A spokesperson for Nestlé defends the cleaning of the Caudry factory, after testimonies from employees broadcast on France Inter. The activity of the factory was prohibited in the spring, several serious cases of contamination by the bacterium E.coli
Nestlé France said this Saturday that the time spent cleaning production lines at the Buitoni factory in Caudry (Nord), at the heart of a health scandal, had not changed since “the internalization of cleaning” in 2015 , reacting to employee statements released by France Inter.
“At the end of each production cycle, the lines are completely stopped and cleaned according to a strict process lasting 4 hours and 45 minutes, including a cleaning phase, then disinfection and finally a rinsing with water, the effectiveness of which is controlled by systematic microbiological sampling in different strategic areas of the site,” a spokesperson for the group told AFP.
Factory activity banned in April
In a survey broadcast this Saturday on France Inter, employees of the Caudry pizza factory claim that since 2015, production time has practically doubled while cleaning time has drastically decreased, going “from eight hours to four hours forty-five” a day.
If Nestlé does not dispute this duration, it affirms that the actual time devoted to cleaning has not varied: before 2015, an external service provider was responsible for cleaning, carried out between 11 p.m. and 5 a.m., with a team of five people; since the internalization, at least ten people have been assigned to cleaning, over a shorter period, it was explained.
This Buitoni factory in Caudry is at the heart of one of the worst health scandals in recent years in France. On March 18, Nestlé had closed two production lines. On April 1, the Nord prefecture banned the activity of the Caudry factory, after the health authorities announced that they had established a link between the consumption of Fraich’Up pizzas and several serious cases of contamination by the bacterium Escherichia coli.
These pizzas are suspected of having caused the death of two children. A judicial investigation was opened in particular for manslaughter and involuntary injuries, as well as the marketing of a product dangerous to health and endangering others.
Inspections had pointed out deficiencies in the factory
Various inspections had reported “the presence of rodents” and the “lack of maintenance and cleaning of manufacturing, storage and passage areas” in the factory. In 2012, the presence of “mold” and “rust” was noted, in 2020 that of “cobwebs” on the ceiling of the bakery, “greasy and oily” material or even dirt “accumulated” in the duct ventilation.
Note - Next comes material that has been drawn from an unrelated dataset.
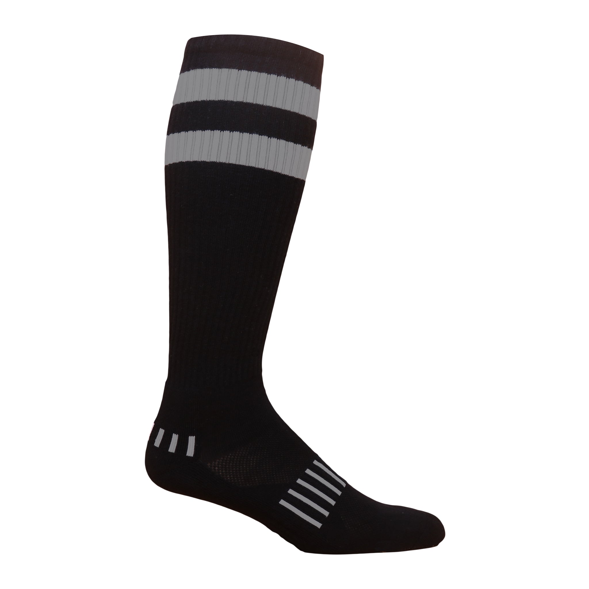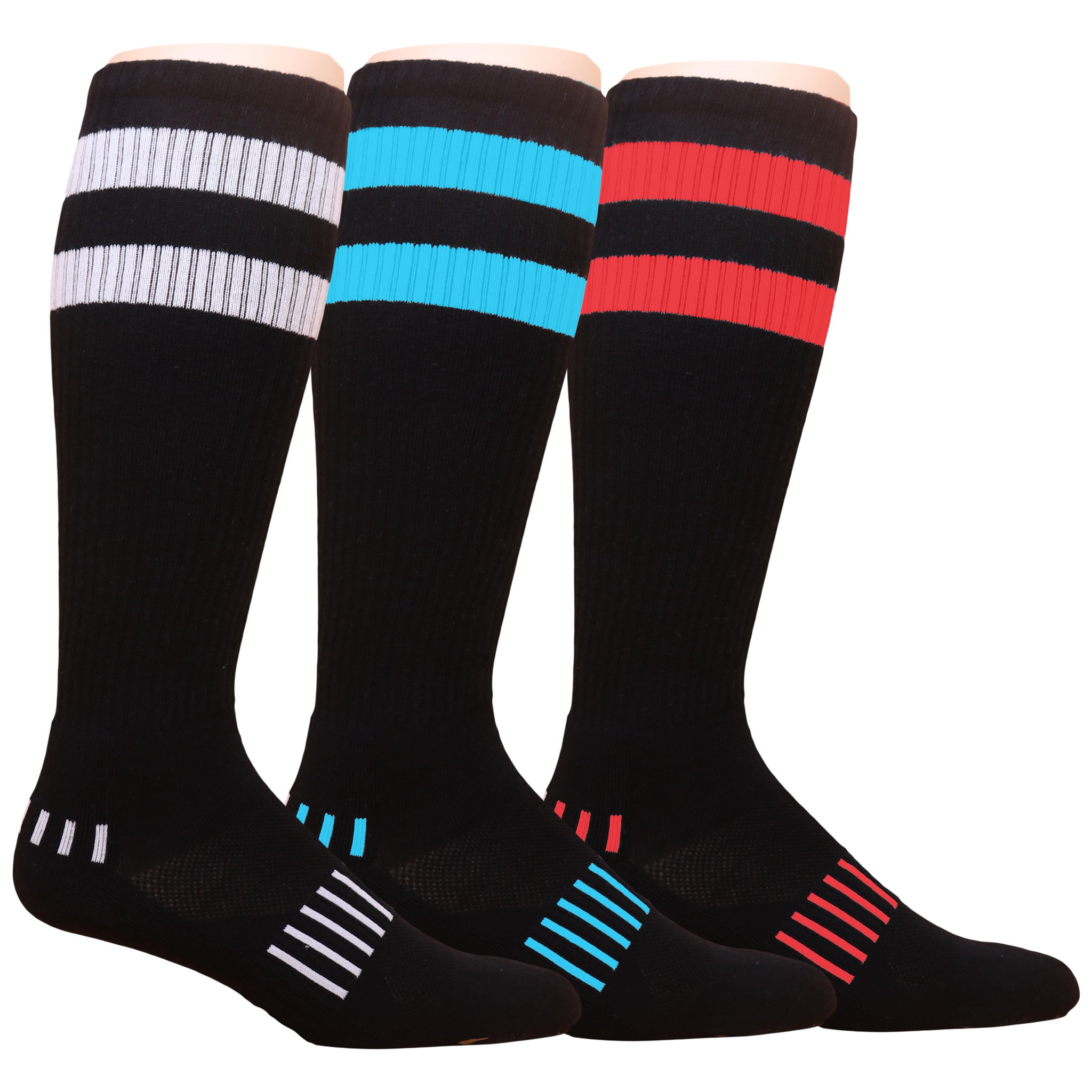 The vintage stripe pattern gives a nod to the styles of decades past. Whether practicing, playing, or cheering from the sidelines, these socks will keep you comfortably covered. Take advantage of this opportunity to purchase a 3-pack of Black and Pink Vintage 70's Stripes Soccer Knee-High Socks. A stylish yet practical addition to any soccer wardrobe or fan collection. Shop now to enjoy these classic striped socks all season long.

Hygiene conditions deemed to be in “very marked deterioration” in March 2022 when the inspectors returned there “as part of the official health alert”.
Employees told France Inter that the internalization of cleaning, while the production rate accelerated, had led to a concentration on cleaning the production line and machines, to the detriment of the rest, “such as for example walls and ceilings”.
Employees also questioned the decision to close only one week annually instead of three, claiming that flour silos had not been cleaned for seven years.
On this point, without commenting on the silos, Nestlé France affirms that the duration of the annual closure is variable and is not only devoted to cleaning, but also to the maintenance of the site.
If the origin of the contamination remains unknown to date, the boss of Nestlé France Christophe Cornu had declared in mid-July to carry out “in-depth investigations on the flours used on the Fraîch’Up line”, in an interview with the Figaro. He then presented his “apologies” to the families of the children affected by contamination and announced the creation of a “victim support fund”.